If you ask me, riding is one of the 'manliest' (if thats the correct term) sports a guy can do BECAUSE sometimes they get ridiculed. It shows you're stronger than the teasing! Don't worry about what they say, they'll get over themselves =] just do what you enjoy!


----------



## MacabreMikolaj (May 9, 2009)

It sounds like you prefer English riding and that's probably where the problem lays - I've NEVER heard a cowboy get ragged on, but there seems to be some ridiculous stereotype that male English riders are all gay. :roll:

Let me tell you, the men dominating show jumping right now certainly aren't wimps! They're just as tough as cowboys, and they haven't gotten to the top of their game by being wimps!

We have just as many men riding as women in disciplines like show jumping and Dressage where I am, and I've met like ONE that was gay - the rest could probably give a cowboy a run for his money on a rodeo bronc! Have you SEEN how crazy some of those big Warmbloods can be?! :lol:

Don't let anyone EVER stop you from doing what you love! You're the one with the big enough kahuna's to get on a 1,000 pound animal that could seriously injure you in half a second flat! They're just jealous that they'll never do anything so thrilling in their lives!


----------



## Scoutrider (Jun 4, 2009)

bradleystone said:


> This is how it should be! I think I am just going to go for it anyway!
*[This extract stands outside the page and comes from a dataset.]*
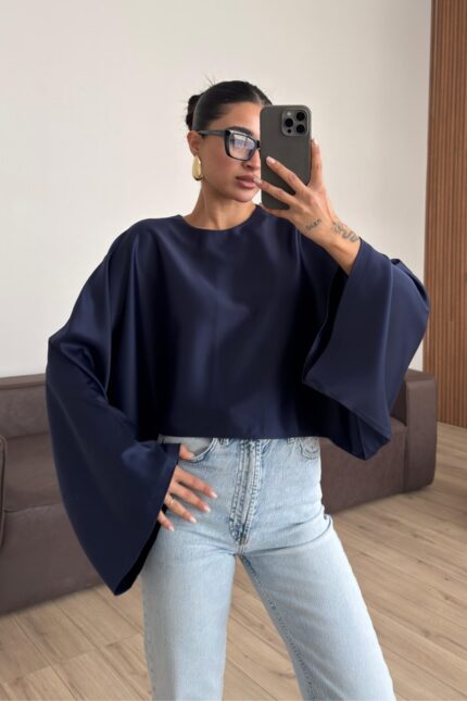 Yarasa Kol Saten Bluz Lacivert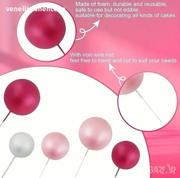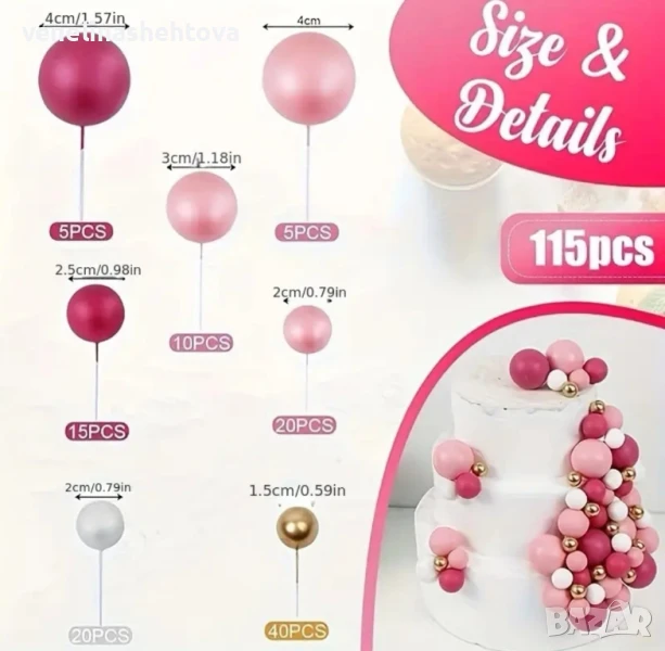 115 броя розови бели златисти топчета топки на тел от стиропор за декорация на торта , снимка 1 - Други - 50991826 115 броя розови бели златисти топчета топки на тел от стиропор за декорация на торта , снимка 2 - Други - 50991826 115 броя розови бели златисти топчета топки на тел от стиропор за декорация на торта , снимка 3 - Други - 50991826 115 броя розови бели златисти топчета топки на тел от стиропор за декорация на торта , снимка 4 - Други - 50991826 115 броя розови бели златисти топчета топки на тел от стиропор за декорация на торта , снимка 5 - Други - 50991826 1/5

I definitely say go for it! At the local level, guys are definitely the minority in my area, but the ones that I know really have fun with it and enjoy themselves. Wish more of my guy friends would ride, lol

In my experience, most of the guff that guys get for riding comes if they ride English - western and the tough-guy cowboy image seems to pass the manliness muster. I say, no matter what style you want to ride, go for it and enjoy yourself! Nothing wimpy about English riding in the least!


----------



## Hunterjumper7654 (May 28, 2010)

I wish more of my male friends rode.


----------



## VelvetsAB (Aug 11, 2010)

_Definitely OK! It is more then ok for guys to ride. _

_Consider that some of the top riders in show jumping are males--Ian Miller, Eric Lamaze, Pessoa, Yann Candele, McLean Ward, Nick Skelton, John Whitaker, The Beerbaums....just to name a few-- you should be perfectly fine. _


----------



## SorrelHorse (Apr 9, 2009)

Oh my GOODNESS!

Yes, a million times yes. I wish the guys I know would ride. I only have about three at my barn and they are mostly just crasht est dumies for unstarted colts.
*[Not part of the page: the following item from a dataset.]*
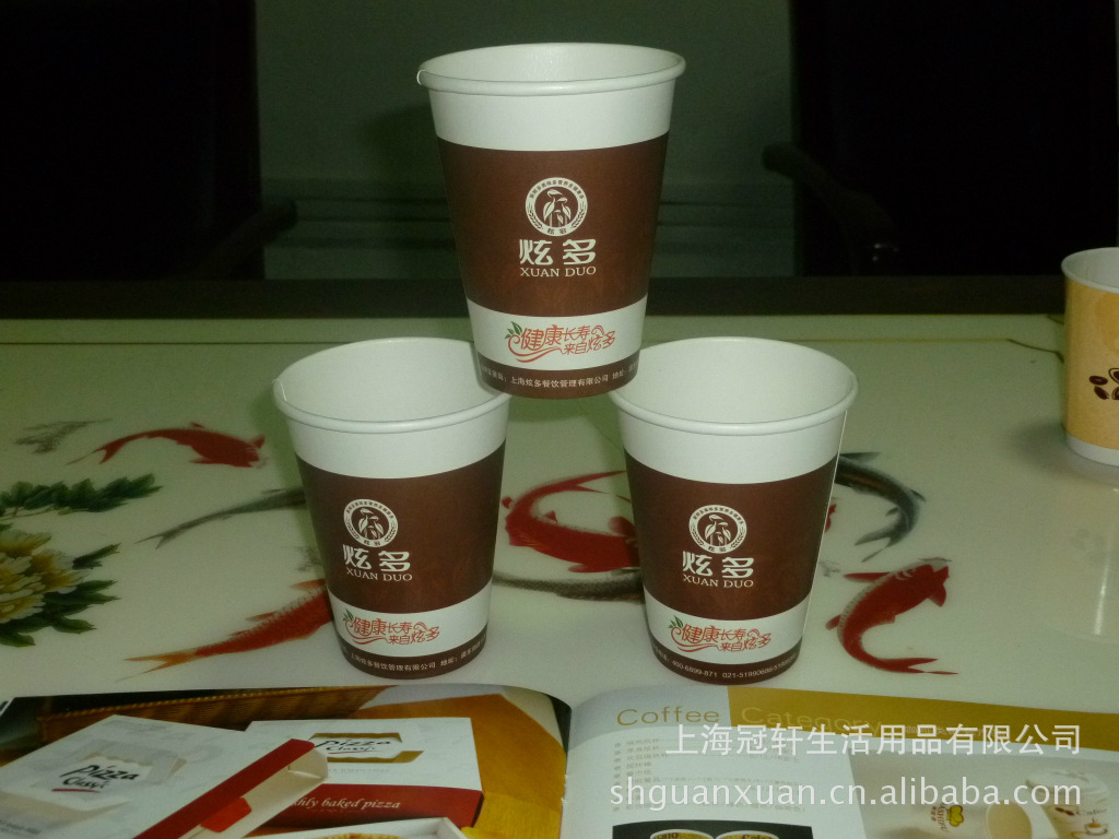 (1)我公司是集生产、研发、销售于一体的正规公司,专业生产纸杯、纸碗。本公司生产的纸杯销往多个国家、多个地域。年产量在50000000只以上。工厂面积广阔,仓储面积大。黄浦人民路上有冠轩门店。产品繁多,种类齐全,主营:通用现货批发、来样定制、设计样稿定制、加印logo,具体事项请来电详谈。

Go for it....Don't waste your life doing only what your peers think is acceptable, because thy clearly don't have a clue what they're talking about....No offense of course ^^


----------



## EmilyandNikki (Sep 7, 2010)

Your male friends will disagree, but if you like it do it. Eventually they will stop teasing. And if they are close friends, bring them to meet said horse. Maybe they will like him, or maybe he will be mean to them and they will see it's not a pussy sport after all(they almost lose there fingers/arm)


----------



## KatieQ (Apr 4, 2011)

You sound very young... don't let peer pressure control what you do or how you feel- you will miss out on a lot of opportunities in life that way. If you have an interest in horses (or anything else, for that matter) you should pursue it. You will probably be surprised at how many other guys you will meet along the way with the same passion, and those will end up being your REAL friends.


----------



## arduke (Feb 17, 2010)

i know many younger boys who ride and anyways the boy to girl ratio is definitely something to brag about


----------



## GeminiJumper (Jun 12, 2008)

Yes! It is okay for lads to ride horses!! 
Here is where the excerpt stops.